Material for the task
----
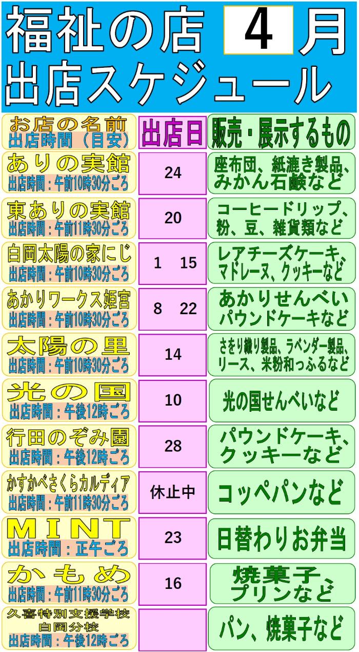 「福祉の店」令和8年4月の出店予定
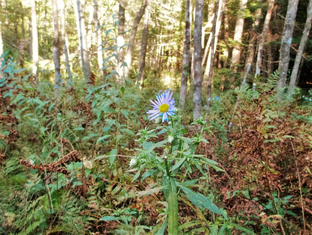 The northern network of trails can be accessed at several points along the first 0.4 miles of the White Trail, not far from the trailhead. These trails are blazed Orange #4, Blue, Yellow #3, Green/Lime #5, and Red/Green. They extend to the old stone wall which runs along the northern property boundary and pass by beautiful wildflower meadows and open woods thickly carpeted in ferns.
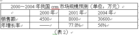 國內(nèi)CRM市場經(jīng)過一段時(shí)間的快速增長,2000年銷售額達(dá)到4500萬元左右。2001年市場情況將更好,預(yù)計(jì)銷售額將是上年的兩倍左右。CCID根據(jù)大量調(diào)查分析,對我國CRM市場規(guī)模作出如下預(yù)測:
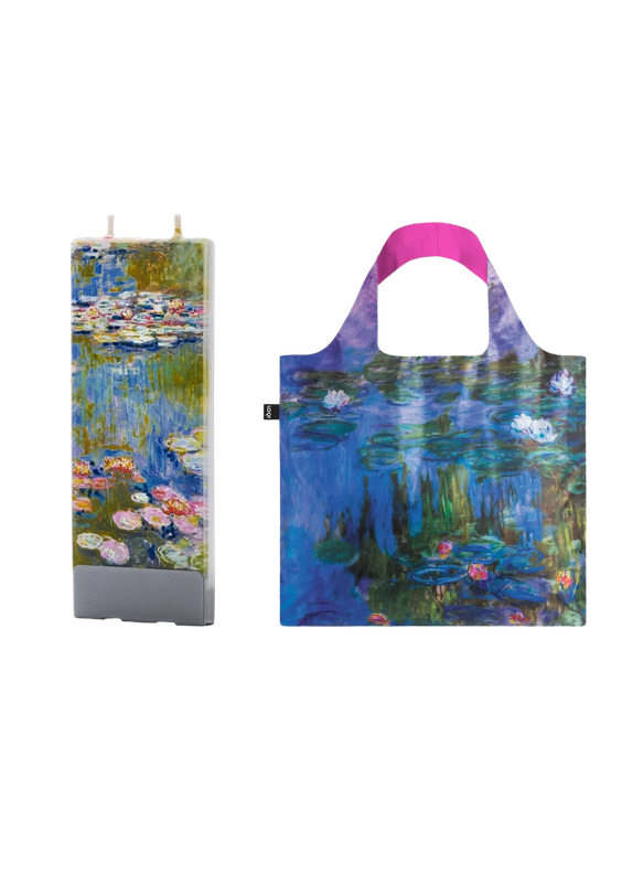 Dovanų rinkinys Žvakė FLATYZ „Claude Monet – Water Lilies“, 15 cm + LOQI pirkinių krepšys „CLAUDE MONET Water Lilies Neon Recycled Bag“
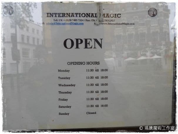 The International Magic 號稱是倫敦唯一一家道具店是在大馬路上,不在陰暗的巷子裡 XD ,大家如果對哈利波特熟悉的話,就知道他們賣魔法器具的店都在陰暗巷子裡,但他們不是,很正大光明的在大馬路上
----
Problem to solve
From the line containing "國內(nèi)CRM市場經(jīng)過" to the last line of the entries, copy every line exactly, including both ends, and leave out the pictures.

Response
 國內(nèi)CRM市場經(jīng)過一段時(shí)間的快速增長,2000年銷售額達(dá)到4500萬元左右。2001年市場情況將更好,預(yù)計(jì)銷售額將是上年的兩倍左右。CCID根據(jù)大量調(diào)查分析,對我國CRM市場規(guī)模作出如下預(yù)測:
 Dovanų rinkinys Žvakė FLATYZ „Claude Monet – Water Lilies“, 15 cm + LOQI pirkinių krepšys „CLAUDE MONET Water Lilies Neon Recycled Bag“
 The International Magic 號稱是倫敦唯一一家道具店是在大馬路上,不在陰暗的巷子裡 XD ,大家如果對哈利波特熟悉的話,就知道他們賣魔法器具的店都在陰暗巷子裡,但他們不是,很正大光明的在大馬路上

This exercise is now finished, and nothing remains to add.